Les Français ont commencé à voter dimanche matin pour le premier tour d’élections régionales qui devraient se traduire par un vote sanction contre le président Nicolas Sarkozy, à mi-parcours de son mandat.

Les bureaux de vote ont ouvert à 08H00 (07H00 GMT) pour permettre à 44,2 millions d’électeurs de désigner les conseillers qui composeront les assemblées des 26 régions françaises (outre-mer compris). Il s’agit de la dernière élection intermédiaire, avant l’élection présidentielle de 2012.

«N’écoutez pas ceux qui disent que les jeux sont joués d’avance. Ne croyez pas ceux qui mélangent les sondages et les urnes», avait lancé aux dernières heures de la campagne électorale le Premier ministre François Fillon.

Avant le vote, la presse et les instituts de sondage prédisaient une cuisante défaite pour le parti présidentiel UMP (droite), qui devrait être largement devancé par les listes de gauche et écologistes.

L’UMP, le parti de Nicolas Sarkozy, était donné autour de 30%, de même que le parti socialiste (PS), principal parti d’opposition.

Mais ce dernier devrait bénéficier d’alliances avec les autres partis de gauche, écologistes en tête, en vue du second tour qui aura lieu dimanche prochain, 21 mars. Les listes Europe-Ecologie pouvaient espérer des scores compris entre 12 et 15%, selon les sondages.

La gauche, déjà nettement victorieuse lors des précédentes élections régionales de 2004, contrôle 24 des 26 régions françaises. Elle espère cette fois-ci réaliser un grand chelem, et ravir à la droite les deux régions qui lui échappent encore, l’Alsace et la Corse.

Une victoire très large de la gauche représenterait un immense succès personnel pour Martine Aubry, la dirigeante du Parti socialiste, en quête de légitimité pour s’imposer comme la meilleure candidate de son camp en 2012.

Un test politique national

Nicolas Sarkozy ne cesse de répéter que le scrutin est régional et qu’il ne peut avoir de conséquences nationales. Mais il ajoute qu’il écoutera le message que lui adresseront les électeurs.

Le président français voit, depuis des mois, sa cote de popularité chuter. Il a dû affronter la crise économique et ses conséquences sur l’emploi. Mais il a aussi été très critiqué pour sa gestion de plusieurs autres dossiers, comme celui du rapport de la société française à l’immigration, à l’occasion d’un débat sur l’identité nationale qu’il avait lui-même initié.

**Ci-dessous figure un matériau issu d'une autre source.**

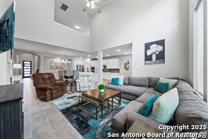 Interior Features : Cable TV Available, Eat-In Kitchen, Game Room, High Ceilings, High Speed Internet, Island Kitchen, Laundry Main Level, Laundry Room, Open Floor Plan, Secondary Bedroom Down, Study/Library, Two Eating Areas, Walk in Closets, Walk-In Pantry
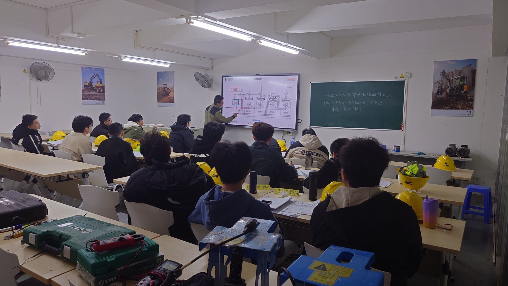2025届“新蜂班”订单班得到了华铁大黄蜂的大力支持,共安排了区域服务经理薛冬冬、何孙文、资深培训师胡勇勇、白云区服务部主任张贤等四位带训老师到校进行培训。培训的内容包括高空作业车安全作业要求、高空作业平台的操作、高空作业平台的结构与原理、液压与电气原理、维修保养、故障排除等。通过订单班的培训,学员快速地学会高空作业平台的基本操作、保养以及简单的故障排除等专业技能知识,能够让学员快速地适应工作岗位内容,并通过考核认定岗位等级与实习待遇相关,调动学员积极性。
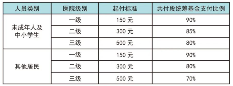 参保人每次住院基本医疗费用统筹基金的起付标准、共付段统筹基金支付比例为:
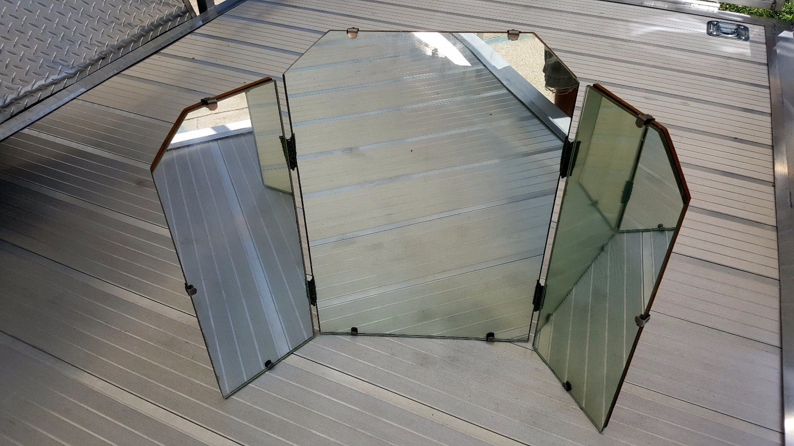 Antique Vtg Tri Fold Mirror Old 3 Panel Dresser Top Vanity Folding Hanging
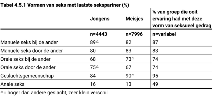 "Van de seksueel ervaren jongeren had het merendeel manuele, orale en/of vaginale seks met de laatste sekspartner. Meisjes geven iets vaker orale seks, jongens ontvangen dit iets vaker. Anale seks is een uitzondering: in de totale groep ervaren jongeren deed 16% van de jongens en 13% van de meisjes dit met de laatste sekspartner."(71)

Selon les experts, le scrutin devait être marqué par une très forte absention, autour de 50%, en particulier parmi les électeurs de la majorité de droite. «Cela signifie de la part de l’électorat de droite un mécontentement à l’égard de la manière dont Sarkozy mène son action présidentielle», note le politologue Stéphane Rozès.

La présence sur les listes candidates de pas moins de 20 ministres accentue la dimension de test national de cette élection.

Premières estimations officielles vers 20h00

A gauche, le score de Ségolène Royal dans sa région de Poitou-Charentes (ouest), rivale malheureuse de Nicolas Sarkozy en 2007, sera particulièrement surveillé. Il déterminera en partie sa capacité à peser sur la prochaine présidentielle.

Au sud-est, dans la région Provence-Côte d’Azur, le vieux chef de l’extrême droite, Jean-Marie Le Pen, livre son dernier combat électoral.

Les derniers bureaux fermeront à 20H00, heure à laquelle les chaîne de télévision publieront des estimations d’instituts de sondage, en général extrêmement proches des résultats finaux.

Ces élections régionales se disputent selon un mode de scrutin très complexe. Il s’agit d’un scrutin à la proportionnelle à deux tours, permettant des alliances entre ces deux tours et offrant une prime en nombre de sièges à la liste arrivée en tête.